I am terrified of driving, which isn’t a good opening line to a post about learning to drive a car. A lot of my friends have already started driving or currently in the middle of learning how to drive so I can confirm I am really late to the party. But even though I am terrified I know that driving is not only a great skill to have but is definitely useful for doing school rounds (my little sister starts nursery this September) as well as having a vehicle to use for work would be much better than taking the bus. I keep telling myself that I have made a lot of choices and decisions since finishing university and learning to drive needs to have a verdict now (or else I will never make my mind up and will forever be stuck taking the bus).
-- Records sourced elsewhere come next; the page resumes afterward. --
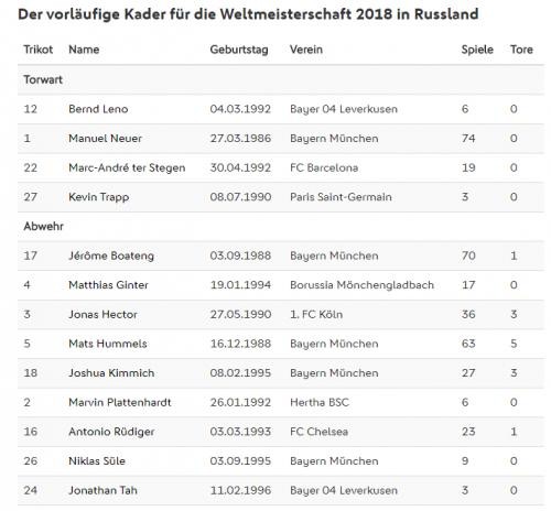 近日世界杯卫冕冠军德国队公布了参加2018年世界杯的国家队阵容大名单。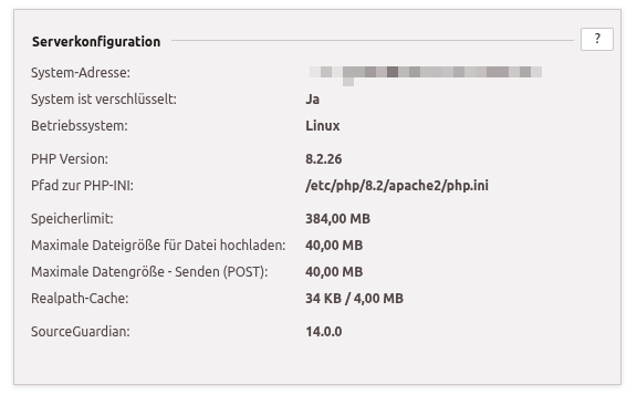 | System ist verschlüsselt | gibt an, ob der Quellcode Ihres Systems durch SourceGuardian verschlüsselt ist. Dies ist bei Kunden-Systemen immer der Fall. |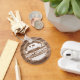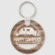 A simple yet stylish keychain with the phrase 'Happy Campers'. Customise with your family name. Shown with a rustic wood slat background, perfect for holding your camper or motorhome keys.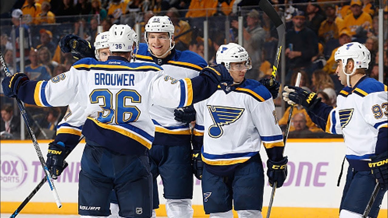 St. Louis Blues defenseman Colton Parayko puts the finishing touch on a nice power-play setup against Predators goalie Pekka Rinne.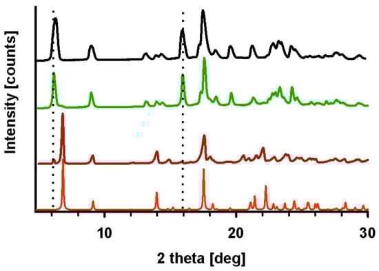 PXRD diffractograms generated based on crystal structures (red), of HON (brown), HON 400 kGy after a few heating–cooling cycles (green), and HON heated to 78 °C (black). Intensities from the P2 phase are marked with dotted lines.
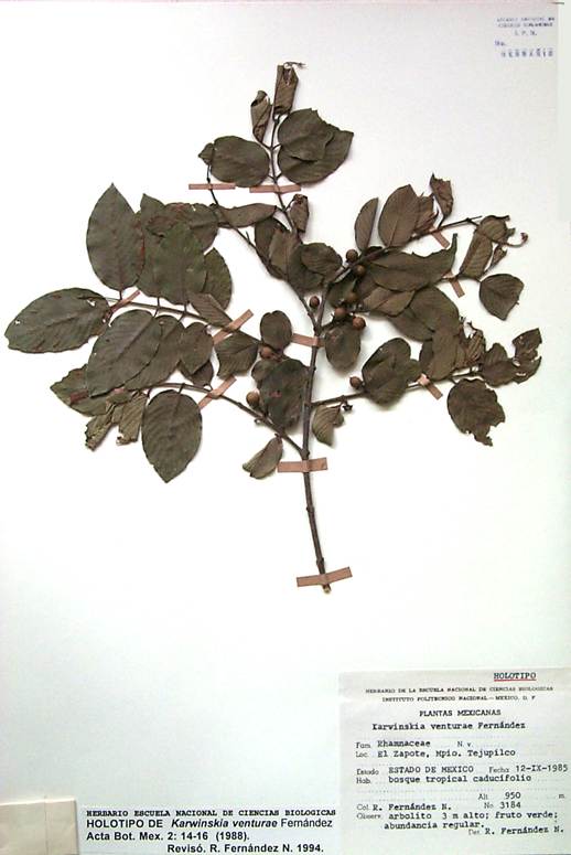 KARWINSKIA VENTURAE R. Fernández. Acta Bot. Mex. 2:14‐16. 1988. Tipo: México, Estado de México, El Zapote, Mpio. Tejupilco, R. Fernández N. 3184 (holotipo: ENCB!; isotipos: CHAPA!, GH!. MEXU!, NY!, TEX!). Figura 14.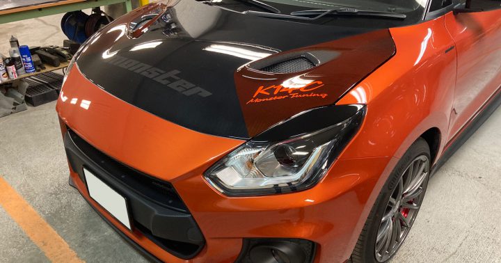 江戸川ではバンパーやボンネットをオリジナルの塗り分けを行っております! 塗り分けは、クリアにオレンジを混ぜたキャンディ塗装・クリアにブラックを混ぜたブラッククリア・MONSTER文字を通常クリアで際立 …

So, I sucked it up and decided that I needed to start learning now. Well, actually that isn’t quite true. During the job hunting and job applications these past few months, I came across a placement for a nursery assistant across various nurseries around Cambridge and Suffolk and they had to do a background check on me and of course, a part of that is providing a sufficient amount of identity documents. They needed two types of documents to confirm my address and because I still live with my parents I didn’t have any form of bills except my bank statement and they advised me that they need me to apply for a provisional driving license so they can process my application as soon as possible. I promptly applied for one and it arrived a few days later and I took that as a sign that I need to start learning to drive. My family was very excited for me and encouraged me that this is DEFINITELY a sign that I need to start driving and my dad immediately said that I should go buy the theory book to start revising. There have also been some unconfirmed plans that my parents are going to buy me a small car that I can practice on (although since I haven’t started reading the theory book and haven’t booked my driving lessons yet, this “plan” hangs in the balance).
So here I am writing this post with the theory book by my side, still terrified but have finally accepted that I need to do this because I need it in my life and that is a good reason why I need to learn how to drive. After talking with my parents, I have decided to drive an automatic (because my parents said “it is just like driving a bumper car” except I am not in a fair and if I do bump into someone I am sure saying sorry will not be enough), I will be hopefully doing a once a week for 2 hours kind of lesson and then my dad will also be teaching me how to behave properly when driving (he said that passing the practical test will be easy but combining it with how to behave when driving takes a lot of practice). I am honestly bricking it but I feel the right amount of ready to start learning.
Please wish me luck and pray I make it through this unknown experience and hopefully soon I will be licensed to drive an automatic car on the road.